Na każdego z nas przyjdzie pora, ale jest nam niezwykle smutno, kiedy odchodzą od nas postacie tak ważne, jak Sir Christopher Lee. Wielki aktor zmarł dzisiaj w wieku 93 lat. Mimo sędziwego wieku, wciąż był aktywny zawodowo i w zeszłym roku brał udział w kręceniu ostatniej części “Hobbita”. Chcąc oddać mu cześć, przypominamy pięć rzeczy, za które jesteśmy mu niezwykle wdzięczni.
1. Za postać Sarumana w serii „Hobbit” i „Władca Pierścieni”
Niesamowita kreacja aktora. Można było uwierzyć, że tak naprawdę od zawsze był on niezwykłym magiem. Pomimo tego, że była to postać negatywna, Christopher Lee wcielił w nią całego siebie. Ciężko sobie wyobrazić, że ktokolwiek inny mógłby zagrać tę postać, pomimo że Lee bardzo chciał grać Gandalfa. Był też jedyną osobą z całej obsady Władcy Pierścieni, która spotkała Tolkiena osobiście.
2. Za postać Hrabiego Dooku w „Star Wars”
HIRO Technologia. Porównanie Sonos ACE i AirPods Max.
Kolejna znana kreacja, którą na pewno pamiętają wszyscy entuzjaści „Star Wars”. Mimo że Hrabia pojawił się zaledwie w dwóch częściach filmowej sagi – „Ataku Klonów” i „Zemście Sithów”, była to niezwykle charakterystyczna postać, wyróżniająca się spośród grona pozostałych aktorów. Bez względu na podeszły wiek, aktor większość scen walki wykonywał osobiście, a dubel był potrzebny jedynie w dłuższych i dynamiczniejszych sekwencjach.
3. Za kreację Drakuli
Niezwykle ciekawy wątek kariery aktorskiej Chritophera Lee. W postać Drakuli wcielał się kilkukrotnie.

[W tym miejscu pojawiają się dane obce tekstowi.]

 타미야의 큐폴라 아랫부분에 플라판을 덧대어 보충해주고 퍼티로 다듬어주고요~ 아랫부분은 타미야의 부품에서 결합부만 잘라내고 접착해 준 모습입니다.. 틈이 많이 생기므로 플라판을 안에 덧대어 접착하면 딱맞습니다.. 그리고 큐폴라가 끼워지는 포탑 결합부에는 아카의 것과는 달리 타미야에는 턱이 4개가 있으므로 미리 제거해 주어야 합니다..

Jak sam przyznał, robił to niechętnie i był nawet szantażowany przez Hammer Films do kręcenia filmów z tą postacią. Dzięki tak wielu produkcjom z jego udziałem, stał się jednym z najbardziej kojarzonych aktorów, grających postać słynnego wampira.

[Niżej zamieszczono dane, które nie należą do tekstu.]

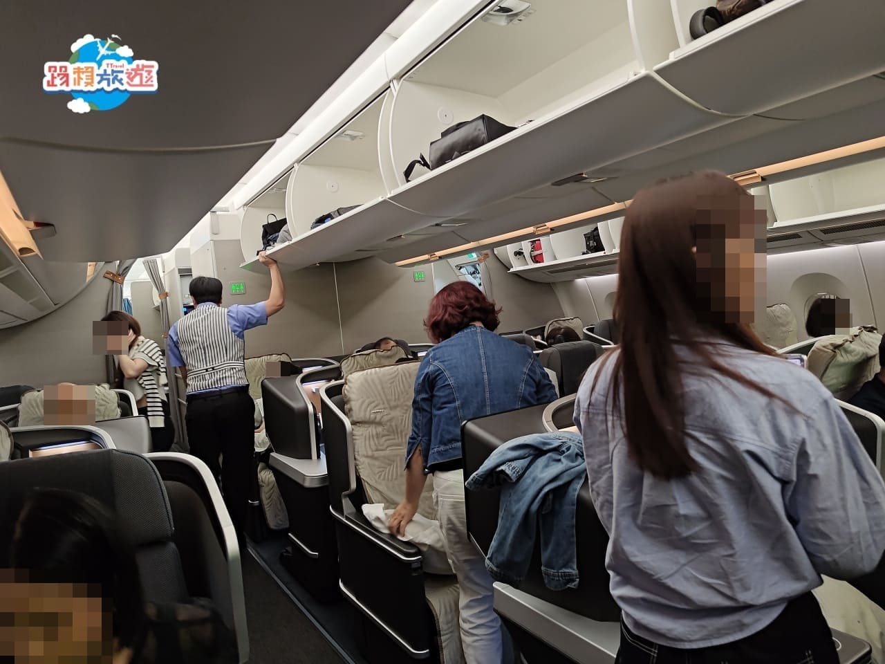 因為是坐滿的狀態,一直到起飛前機艙都是熱熱鬧鬧,大家都難掩出遊的喜悅行李一放玩就開始在聊天

4. Za postać Francisco Scaramangi w serii o „Jamesie Bondzie”
Sir Christopher Lee, który był dalszym kuzynem twórcy serii o Jamesie Bondzie, Iana Fleminga, zagrał dość charakterystyczną postać z całej serii – Człowieka ze Złotym Pistoletem. Jest to kolejny złoczyńca, w którego wcielał się aktor i po raz kolejny stworzył wspaniałą kreację. Trzeba przyznać, że Sir Lee miał duże doświadczenie w graniu czarnych charakterów.
5. Za muzykę, którą tworzył
Znany ze swojego basowego głosu, często udzielał się w dziedzinie muzyki. Śpiewał na soundtracku do filmu „Kult” czy „Funny Man”. Jednakże Sir Lee jest też znany ze swoich dokonań w muzyce metalowej. Nagrał 4 płyty i 3 EP-ki oraz współpracował z kilkoma zespołami! Warto wspomnieć, że swoją pierwszą solową płytę „Revelation” nagrał mając 86 lat! To jest dopiero wyczyn.
Będzie nam brakować tak niezwykłego człowieka, jakim był Christopher Lee. Przez długi czas wydawało się, że oszukał śmierć albo że naprawdę to nieśmiertelny Dracula. Dzisiejsza wiadomość pokazała, że był on jednak człowiekiem. Ale za to jak wielkim człowiekiem.